Below are common types of neural network layers to become familiar with:
- Input Layer: the first layer of a neural network that represents the input data (e.g., image data).
- Output Layer: the final layer of a neural network that contains the model's result for a given input (e.g., image classification).
- Hidden Layer(s): the layers which sit between a neural network's input and output layers to perform transformations on the data.
- Dense (aka fully-connected layer): a layer where all of its outputs are connected to all inputs of the next layer.
- Convolution: the foundation for building Convolution Neural Networks (CNN).
- Recurrent: provides looping capability where the layer's input includes both the data to analyze and output from a previous calculation performed on that layer.

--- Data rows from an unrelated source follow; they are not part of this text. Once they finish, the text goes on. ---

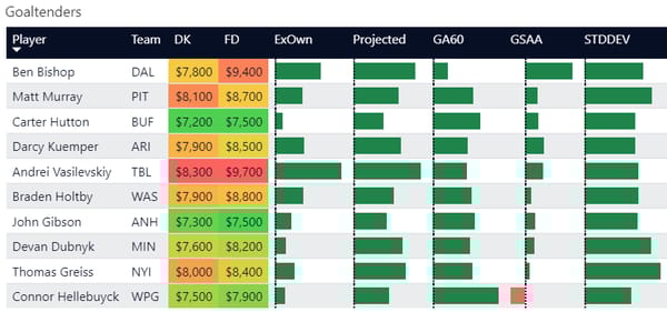 Mostly, I'm trying to give a little more transparency into who I like for the night and who is worth considering. I don't believe in locks or must plays. So with goalies, I usually hover around the top spots and split exposure. In baseball, I'll often swap pitchers if I get a lineup with all the hitters I like. Same applies with goalies. If you build a lineup and like your skaters, but aren't certain on goalies, don't be afraid to create a second lineup with your second favorite goalie.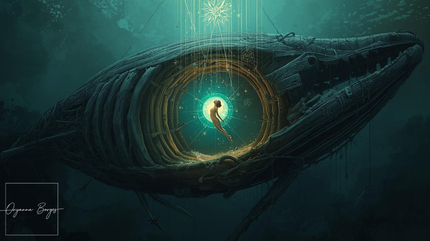 A criação poética que articula Jung, Bachelard e a invenção da arte que permite sobreviver ao ventre da baleia e à deriva nas águas do inconsciente.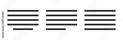 An icon representing the right alignment option for text or objects. Text align icon vector set. Paragraph alignment symbol

Recurrent layers form the basis of Recurrent Neural Network (RNNs).
- Residual Block: Residual Neural Networks (ResNets) group together two or more layers as residual blocks to avoid the vanishing gradient problem.
ML practitioners use different types of layers to architect neural networks in different ways. Common neural networks examples include VGG16, ResNet50, InceptionV3, and MobileNetV2. Note that many of these models are provided by Keras Applications and are available through components in PerceptiLabs, allowing you to quickly build models using transfer learning.
A model's layers and interconnections form the model's internal or learnable parameters which are adjusted during training. Key parameters include:
- Weights: degree to which a given neuron influences the tensor(s) which it's connected to in the next layer.
- Biases: shifts the results up or down, making it easier or harder to activate a neuron.
During training, the underlying ML engine optimizes the model by adjusting its weights and biases. In order to do this, the following algorithms are employed:
- Optimizer: updates the model to help it learn complex patterns of data. Common algorithms include: ADAM, Stochastic Gradient Descent (SGD), Adagrad, and RMSprop.
- Activation Function: mathematical function that adds non-linearity to the neuron's output. Examples include: Sigmoid, ReLU, and Tanh.
- Loss Function (aka Error function): gauges if the adjustments by the optimizer for a single training sample results in better performance (i.e., indicates how well a model makes predictions given a set of weights and bias values). Common loss functions include Cross-Entropy, Quadratic, and Dice.
- Cost Function: gauges if the adjustments by the optimizer across all training samples result in better model performance.
Training typically involves partitioning the data into three sets:
- Training Data: used to optimize the model's weights and biases by providing ground truth data (e.g., images with corresponding labels which are known to be correct).
- Validation Data: used to test the accuracy of the model as it's being trained.
- Test Data: used to test the performance of the final trained model on data which it hasn't seen before.
It's important to avoid under-fitting during training (i.e., training a model that is too simple to learn from the data very well), as well as over-fitting (i.e., training a model that is too complex to predict accurately on new, unseen data). ML practitioners can adjust a number of user-controllable settings called hyperparameters to develop as good of a model as possible:
- Batch Size: number training samples to train on before the optimizer updates the model's parameters.
- Epochs: number of passes to make over the entire training dataset (including all batches).
- Loss: loss function algorithm to use.
- Learning Rate: how much to change the model's parameters based on the error calculated after they are updated.
- Optimizer: optimizer algorithm to use.
- Shuffle: randomly changes the training data order to make the model more robust.
- Dropout: a regularization trick to reduce overfitting by ignoring randomly chosen layer outputs. Each update to a layer is then effectively performed on a different view of that layer.
This checklist is certainly not exhaustive – we could easily write a whole set of books about the fundamentals! However, these key elements are a good start.